Xenofobia ? Talvez . Mas noutros países . Cumprimentos
Atendendo a que o seu amigo é angolano, o PC não exige o "afrodescendente". Já o artificial "negro" podia ser ´substituído por "preto", palavra de igual valor e que os polícias do PC querem, à viva força, penalizar. Ninguém diz - convenhamos -, "Que belo rabo o daquela... negra", pois não? Ups... sexismo.
NOTA: PC = "politicamente correto"
Bernardo Silva, o futebolista português, também está no centro de uma polémica por ter chamado "conguito" a um ex-colega preto. Dá-se o caso de os dois serem muito amigos e terem por hábito trocar piadas. A "vítima" não só achou graça como ainda prometeu "vingança". Entre os dois, só risos - para os polícias do PC, só "crime"...
As cataratas do Niagara estão sempre a cair. Sem parar.
Quando a cantina reabriu este setembro encontrei a cozinheira, que é negra, e disse-lhe "vê-se mesmo que esteve na praia!", e ela retorquiu "estou escurinha, não é?".
(A pobre mulher evidentemente não esteve na praia, passa as férias em casa num bairro da Amadora.)
Nem mais!
Se o sr era negro e afro-descendente ,o sr embaixador seria euro-descendente e alvo.

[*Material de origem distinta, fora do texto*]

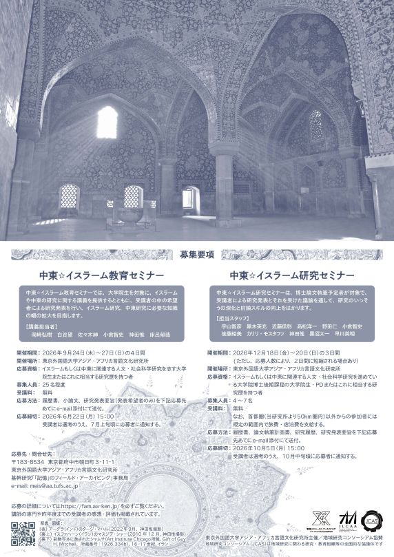 2026.03.09中東☆イスラーム研究セミナー終了開催日:2025年12月19日 (金) ~ 2025年12月21日 (日)
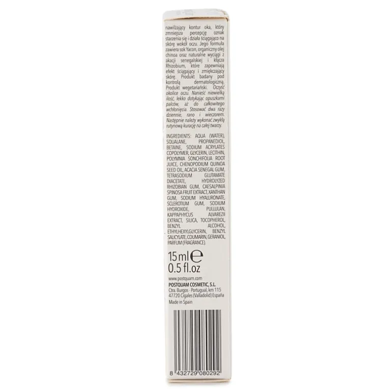 Contorno de ojos hidratante de rápida absorción que reduce la percepción de los signos de la edad y produce un efecto tensor en la piel del contorno ocular. Alisa y mejora el aspecto de la piel. Su formulación incluye jugo de Yacón que es rico en fructo-oligosacáridos que actúan como prebióticos. Los prebióticos ayudan en la regulación de la microbiota normal de la piel y mantienen su microflora beneficiosa en niveles óptimos. También incorpora aceite de quínoa de origen orgánico que ayuda a disminuir los signos visibles de la edad e ingredientes naturales procedentes de la acacia Senegal y del Rhizobium que proporcionan un efecto tensor que suaviza la piel. Su formulación incorpora extractos naturales de árbol de tara y de alga Kappahycus alvarezii con propiedades tensoras y protectoras.
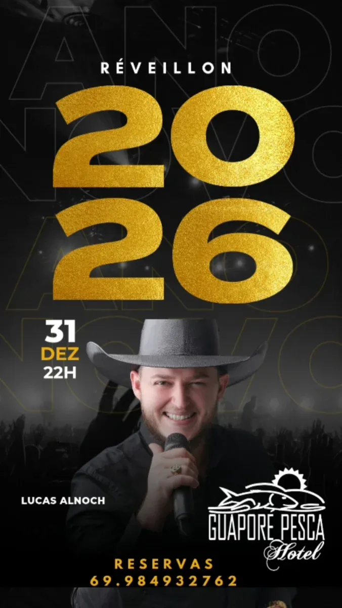 O Guaporé Pesca Hotel confirmou a realização de uma grande festa de Réveillon para celebrar a chegada de 2026. O evento, focado principalmente nas famílias, está marcado para o dia 31 de dezembro, a partir das 22h, e contará com show ao vivo do cantor Lucas Alnoch, atração já conhecida do público regional pelo repertório sertanejo e animado. O Guaporé Pesca Hotel está localizado na região Cone Sul do estado de Rondônia, aproximadamente 40 quilômetros de distância de Cabixi.
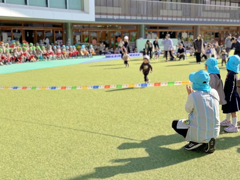 「よーい、どん!」の合図で、元気いっぱいに走る我が子の姿に、未就園児の保護者の皆さんも笑顔で応援していました😄
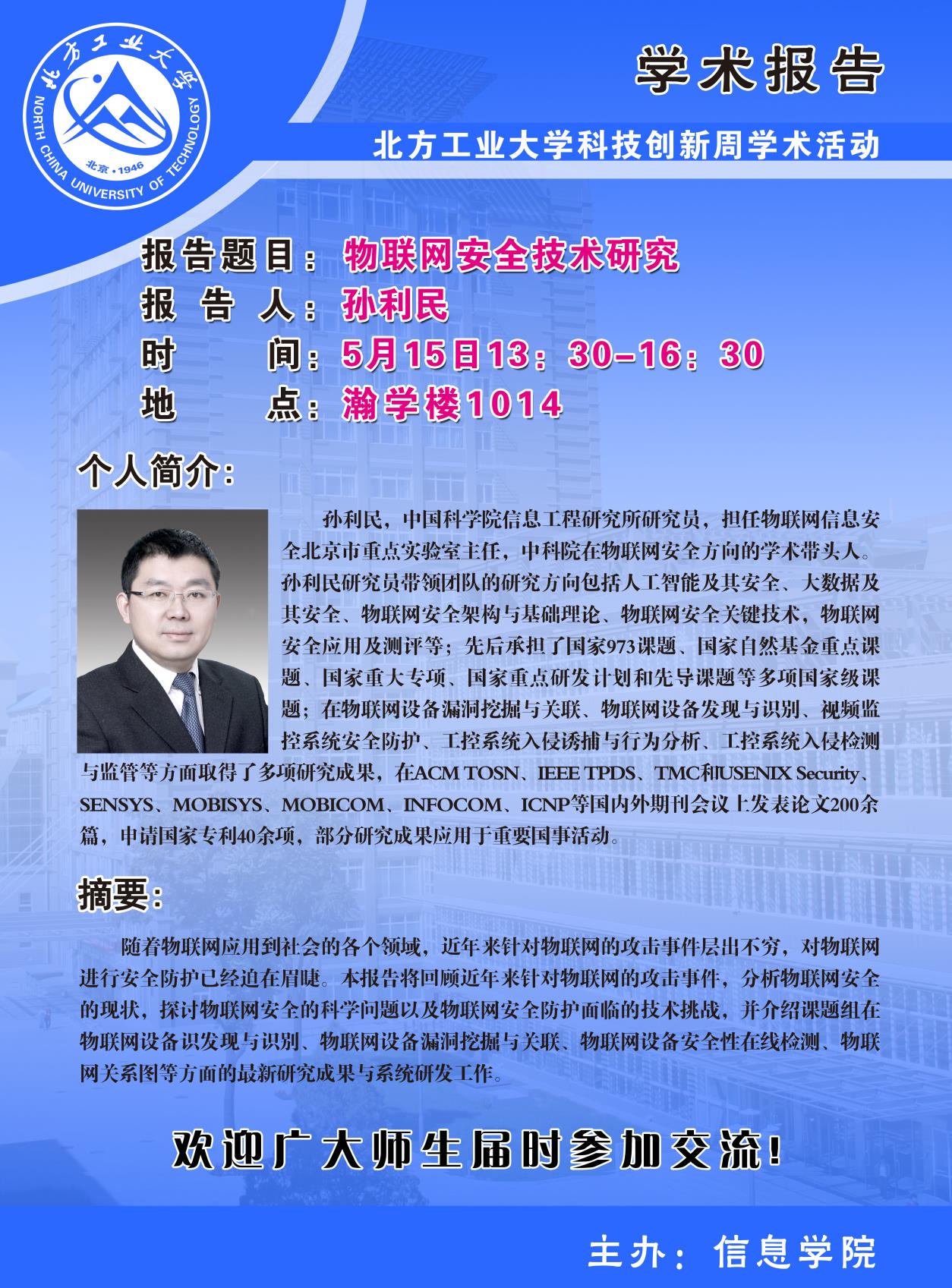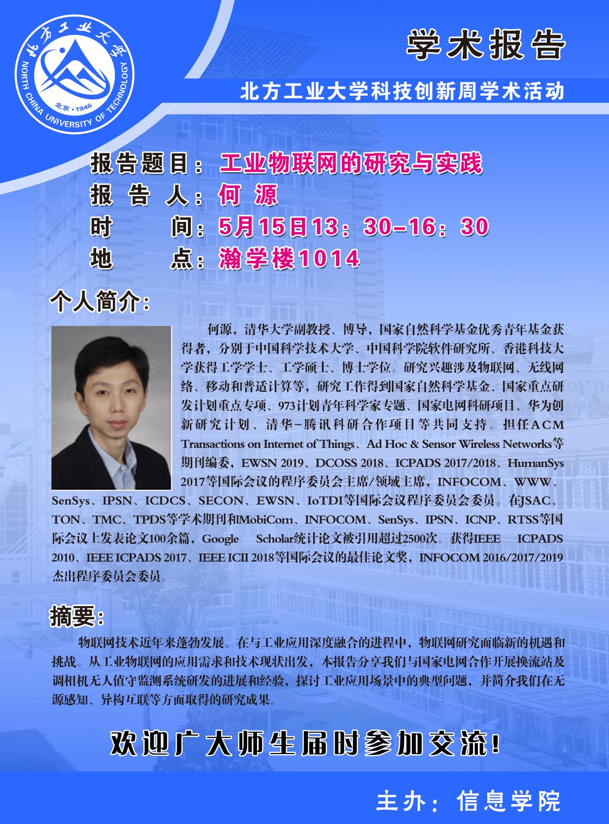 必赢线路检测3003no1科技创新周暨CCF走进高校系列学术讲座安排如下:
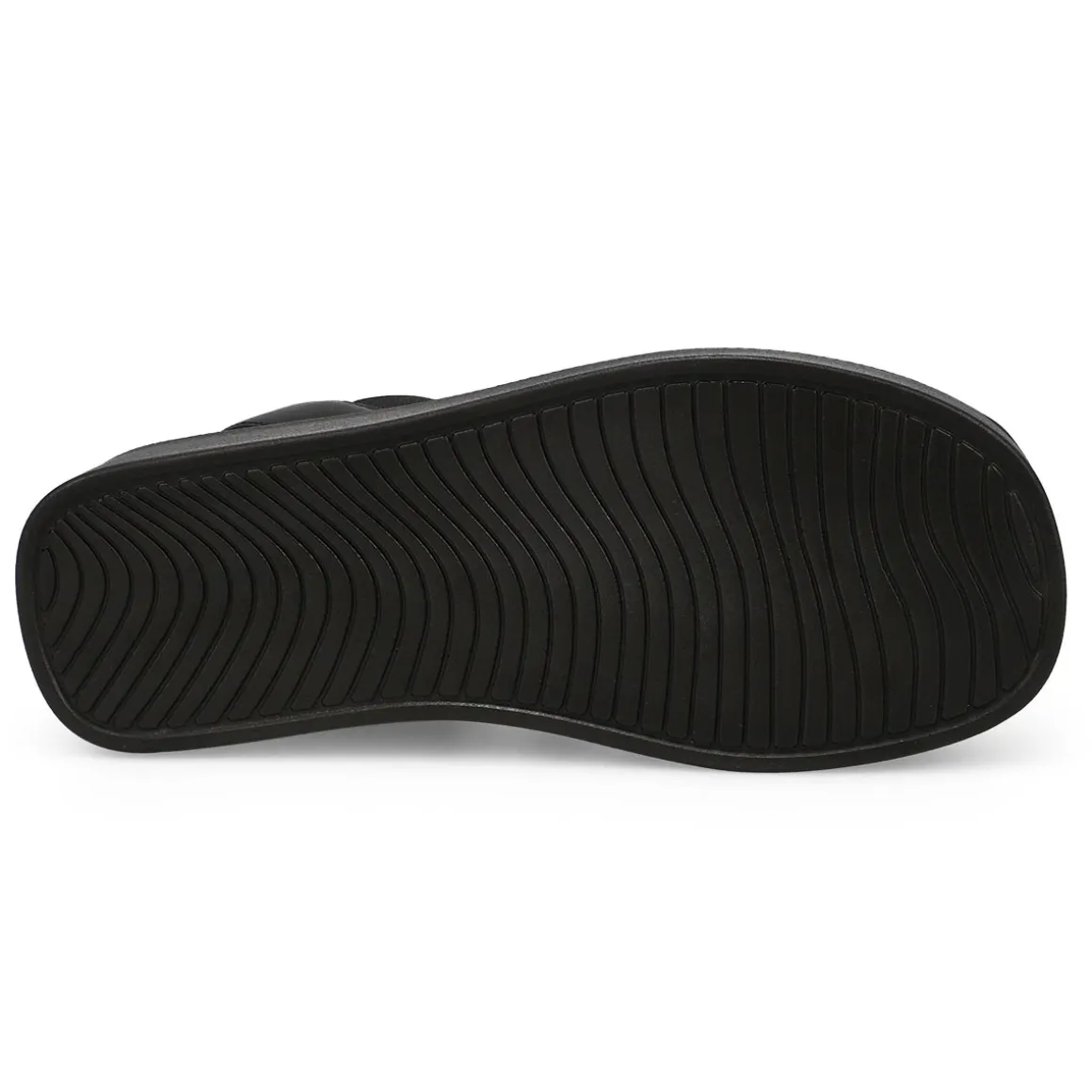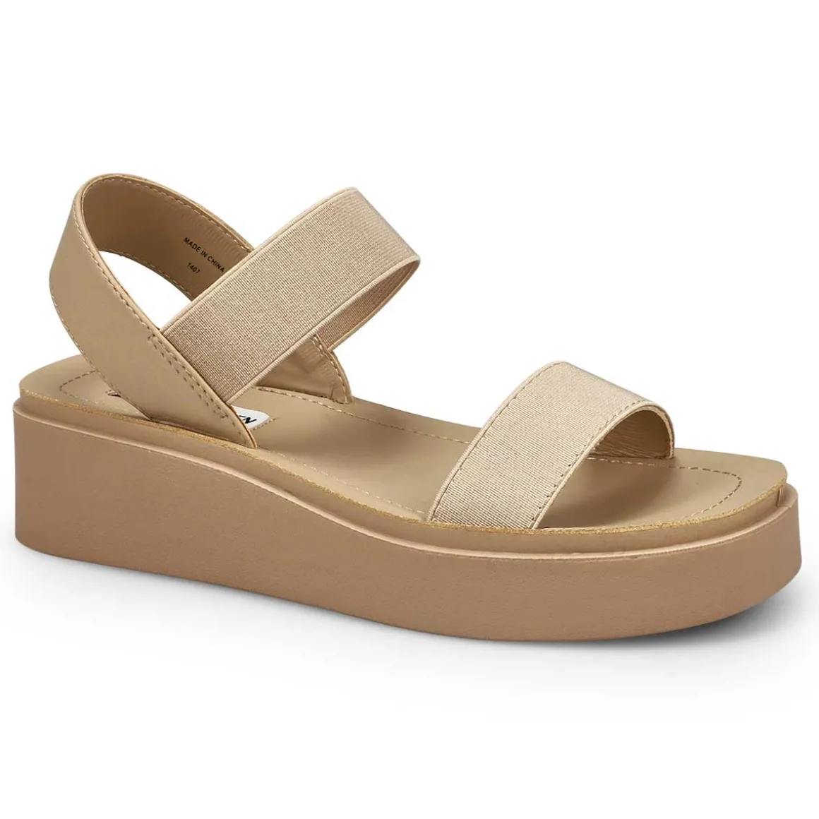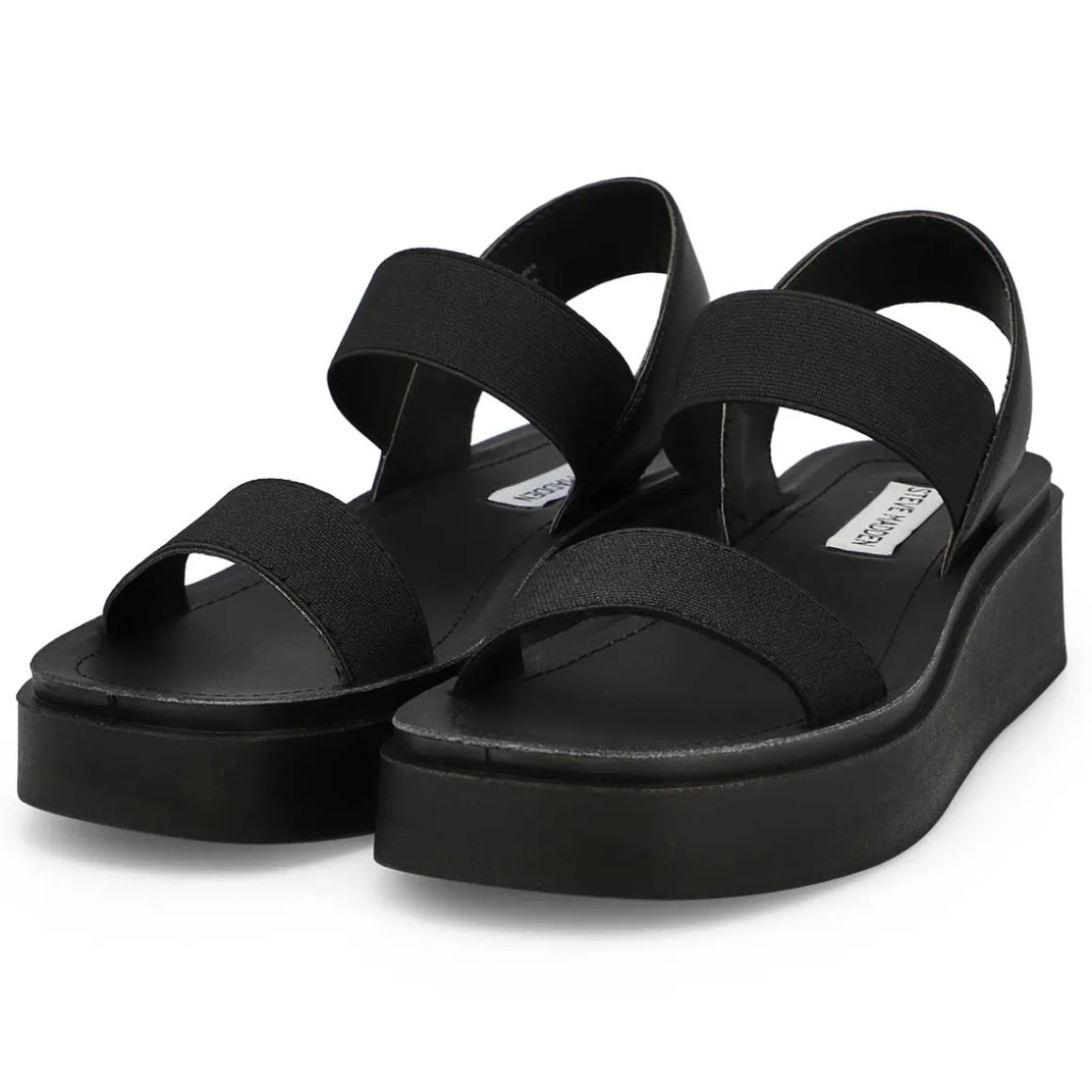Perfectly simple and as classic as they come, the Janice black fashion sandal from Steve Madden features a leather upper with elastic upper material. Slip yourself into this timeless style to complement practically any warm weather look and show off your latest pedi! Platform styling, approx, 1.75 inch heel height.
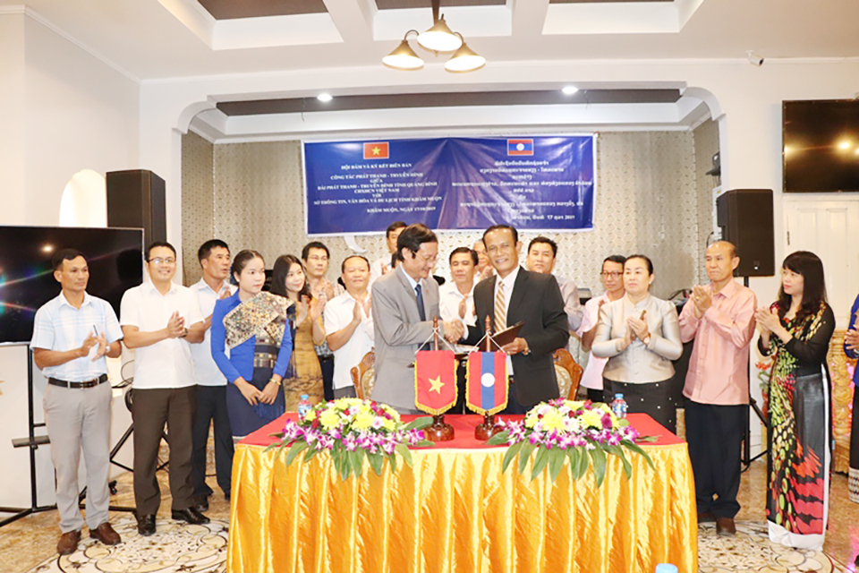 ໃນລະຫວ່າງວັນທີ 16 –17 ຕຸລາ 2019 ຄະນະຜູ້ແທນສະຖານີວິທະຍຸກະຈາຍສຽງ-ໂທລະພາບ ແຂວງກວາງບິ່ງ ສສ ຫວຽດນາມ ພ້ອມຄະນະໄດ້ເດີນທາງມາຢ້ຽມຢາມ ແລະເຮັດວຽກຢູ່ແຂວງຄຳ ມ່ວນໃຫ້ການຕ້ອນຮັບດ້ວຍຄວາມ ຮັກແພງບົນຈິດໃຈຄວາມສາມັກຄີ,

Acho eu que pura simplesmente diria e era mais fácil um preto acompanhado dum branco-
A censura é mesmo apertada : ou estás comigo ( politicamente ) ou estás contra mim !
É pena que assim seja , mesmo que o opositor não seja ofensivo nem mal educado . Pensava que a censura tinha acabado , com a extinção da Pide . Ou então estou enganado e é só um atraso na publicação ...
Perfeito. Discordo em grande parte do que escreve mas desta vez tem toda a razão.
eu sempre tive amigos , alguns mesmo do peito , pretos . a ofensa está no como se diz e não no que se diz . essa de chamar negro a um preto ( são sinónimos , não são ? ) nunca me caiu bem
Absolutamente de acordo com o facto de o "affaire Trudeau" ser uma tempestade num copo de àgua.
Se o politicamente correto não for combatido acabamos mesmo no 1984.